Fiel a su estilo de agotar los tiempos administrativos, el Gobierno de Javier Milei envió este jueves al Congreso el DNU 941/25. La norma busca reformar la Secretaría de Inteligencia y habilitar cambios estructurales en la Ley de Inteligencia nacional.
El envío se produjo en el décimo día hábil posterior a su suscripción (realizada el último día de 2025), cumpliendo por escaso margen con lo estipulado por la ley. De no haberlo hecho, la Comisión Bicameral Permanente de Trámite Legislativo podría haber intervenido de oficio.
El cronograma clave que se viene para el decreto no necesita de llamado a sesiones extraordinarias. La comisión de Tramite Legislativo que se encarga de abordar los DNU es de funcionamiento permanente durante el año.
El viernes 16 de enero comenzó a correr el plazo de 10 días hábiles para que la Comisión emita un dictamen. Desde el jueves 29 de enero vence dicho plazo. Pero no esa fecha no impide su tratamiento, en caso de no conseguir despacho y cumplida esta última fecha, a partir de febrero ambas Cámaras quedarán habilitadas para el tratamiento directo en el recinto.
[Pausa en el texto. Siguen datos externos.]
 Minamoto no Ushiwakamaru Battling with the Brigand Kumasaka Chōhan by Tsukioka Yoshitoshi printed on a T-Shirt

El último antecedente también incluye a la secretaria de Inteligencia, el DNU que intentó aumentar los fondos reservados de la SIDE es uno de los únicos casos desde la vuelta de la democracia en que se rechazó un decreto en el Congreso. El mecanismo de la oposición en esa oportunidad fue dejar vencer los plazos e ir directo al recinto.
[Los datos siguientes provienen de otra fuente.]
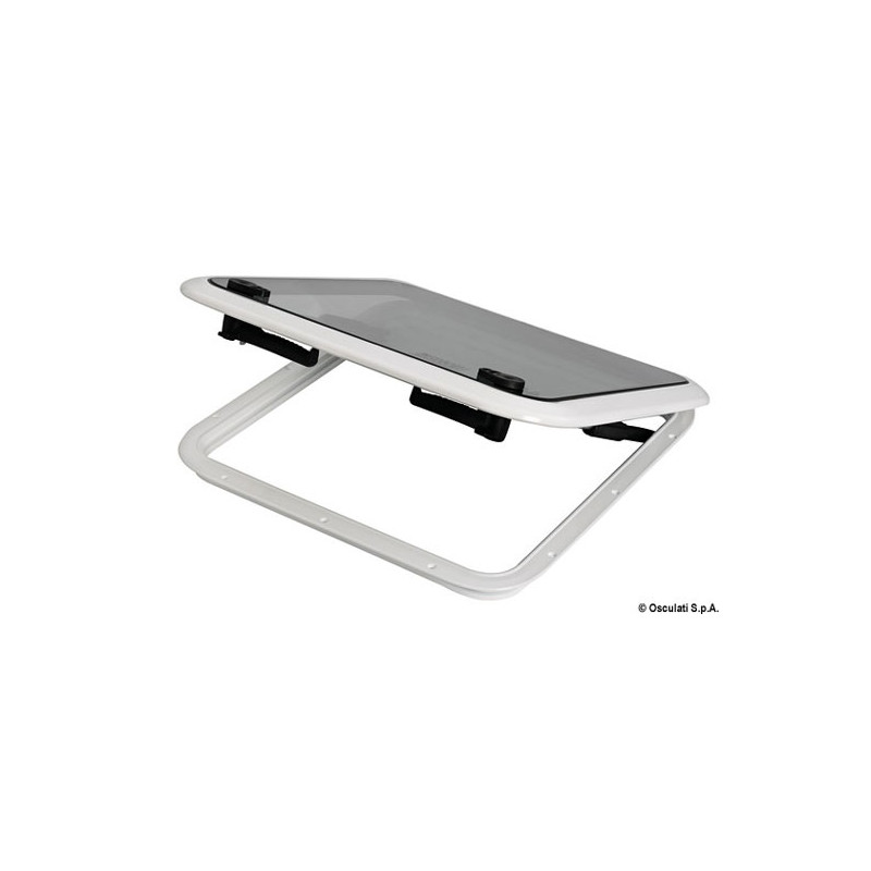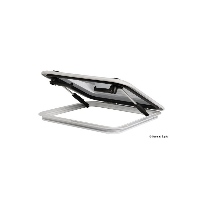 En alliage léger blanc epoxy et avec zone déclairage en verre trempé fumé, homologués CE. Charnières invisibles à lintérieur du profilé, ouverture à compas et position « ventilation ». Vente optionnelle de contre-brides, moustiquaires, pares-soleil et kits poignée externe. Adaptés à chaque modèle.

La oposición encara el primer año legislativo de un oficialismo consolidado como primera mayoría. Un escenario totalmente opuesto a los primeros dos años del gobierno de La Libertad Avanza.
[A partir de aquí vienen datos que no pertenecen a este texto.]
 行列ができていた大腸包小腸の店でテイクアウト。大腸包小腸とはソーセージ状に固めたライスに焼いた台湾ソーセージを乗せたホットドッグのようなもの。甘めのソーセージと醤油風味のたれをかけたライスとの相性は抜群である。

El tratamiento del DNU puede comenzar por cualquiera de los dos recintos vencidos los plazos del tratamiento para la comisión Bicameral. Unión por la Patria es el principal espacio opositor en ambas cámaras, en Diputados suma 93 bancas puras, a los que hay que sumar el rechazo de los 4 votos que tiene la izquierda. El interbloque Unidos, de los gobernadores de Provincias Unidas, con 22 diputados también manifestó sus diferencias con el decreto.
En total, con todos los opositores “duros” al decreto presentes la proyección da 119 votos. Para tener quórum y asegurar una mayoría para el rechazo, necesitarán contar con un minimo de 10 diputados más. Se pueden sumar los monobloques opositores de Marcela Pagano (Coherencia), Natalia de la Sota (Defendamos Córdoba) y Jorge “Gato” Fernández (Primero San Luis).
El techo podría ser ese para la oposición. Si el PRO, la UCR y los bloques de los gobernadores aliados al oficialismo no tienen filtraciones, el rechazo será un tramite difícil de conseguir.